When the prayers were finished the family stood up and Tony snatched his jacket from behind the door and sped off to the Boys’ Club. Eileen went into the parlour but as soon as she began to play Joe and Stephen stood outside the parlour door and began to sing in falsetto voices: ‘“Nelly Bly, Nelly Bly, blinks her little eye.”’
Eileen burst out of the parlour just as her father shouted, ‘Cut that out now, lads. Leave Eileen in peace for her practising.’
Joe and Stephen retreated into the kitchen, laughing as Eileen belaboured them with rolled-up sheet music, and Julia said soothingly, ‘Take no notice, Eileen. Go on with the music. It sounded grand.’
It was true that Eileen played well. Although she was a well-built girl, a tomboy who was always ready to join in the boys’ games of football or cricket, she had long, slim fingers and a delicate touch on the piano.

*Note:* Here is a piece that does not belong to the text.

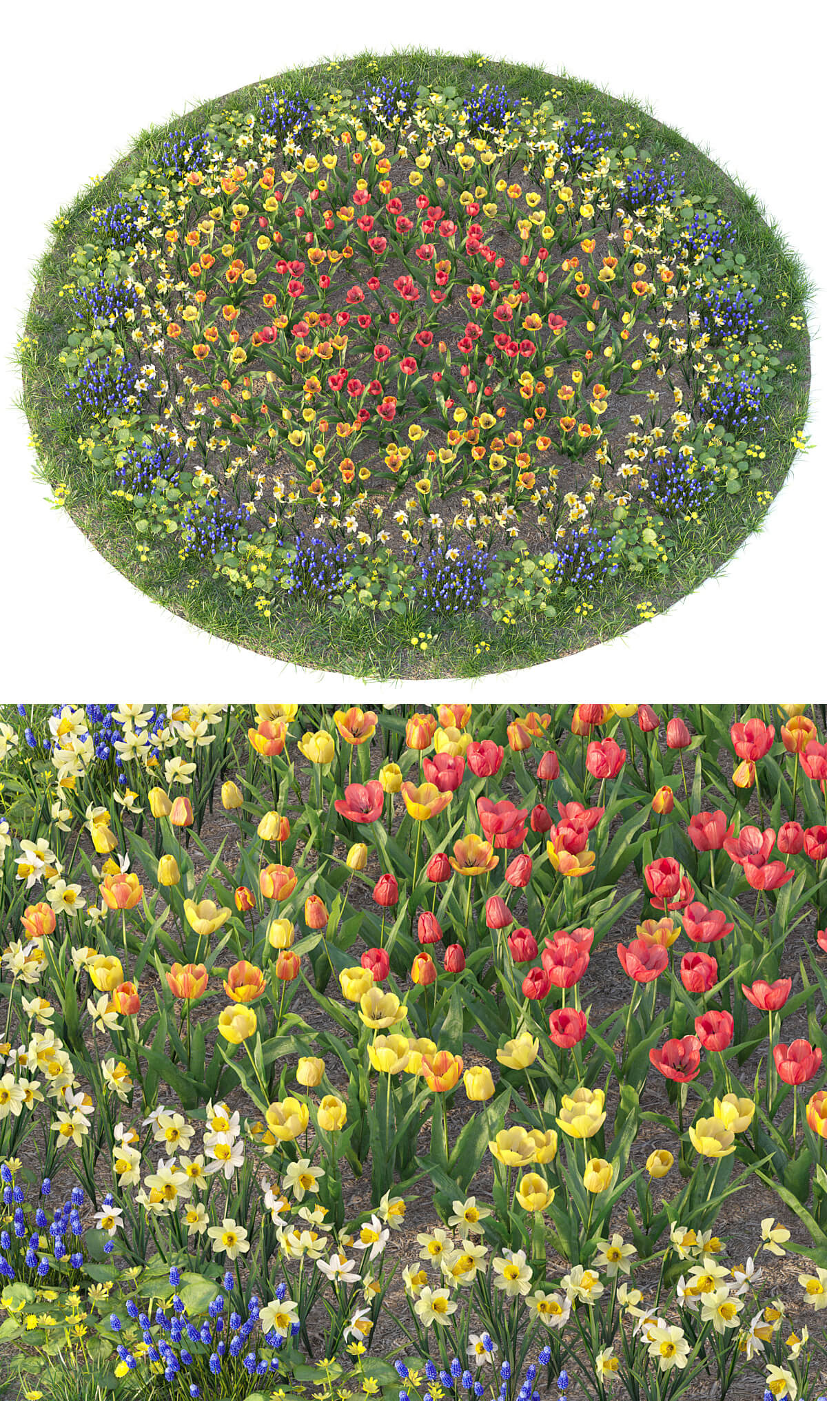5米宽圆形花圃3D模型(OBJ,MAX) C4D / 2023年3月7日 常用3D资源 12 0 0 今天分享的是,5米宽圆形花圃(包含:郁金香,水仙,麝香兰,蒲公英,毛茛)3D模型,各种主流3D软件都能打开(houdini、blender、C4D、Maya和3Ds Max)适合创意找灵感参考,enjoy!

Maureen went upstairs to change her dress, taking Anne with her to put her to bed. When the little girl was tucked into the bed she shared with Eileen, she begged Maureen to tell her a story.
‘I can’t tonight, love,’ Maureen said. ‘I’ve got to get ready for the social. I’ll tell you one tomorrow night. Go to sleep now.’ She went into the bathroom and when she returned Anne was fast asleep.

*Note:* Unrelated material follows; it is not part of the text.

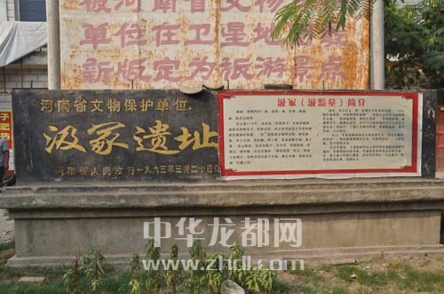 ????位于鄲城縣汲冢鎮(zhèn)張莊村北,南臨淮(陽)鄲(城)公路。據(jù)傳西漢時期曾任淮陽太守的汲黯死后葬此,故名汲冢。遺址現(xiàn)存面積約200平方米,內(nèi)含仰韶、大汶口、龍山和商周文化遺存。遺物中仰韶、大汶口文化陶片較少,僅見夾砂紅陶片、鴨嘴形鼎足和陶觚等。龍山文化陶片較多,以泥質(zhì)和夾砂灰陶為主,也有少量褐、黑陶,飾籃紋、方格紋和繩紋。器形有平底盆、罐、罐形鼎、甗、碗、杯等。商周文化的陶器有大口尊、盆、鬲和罐等。此外還發(fā)現(xiàn)有漢代遺物。????

Maureen changed into a pale green dress with a white embroidered collar, then she took a tiny jar of Tokalon vanishing cream from a drawer and smoothed a little on to her face before passing a powder puff lightly over it.
She went into her mother’s bedroom to look at herself in the long pier glass there, examining her face carefully to be sure that the cream and powder would not be evident to her father. Maureen was now seventeen, a tall slim girl with large brown eyes and dark hair cut with a fringe and a middle parting. She was attractive but knew that it was unlikely that she would be asked to dance by a young man at the social.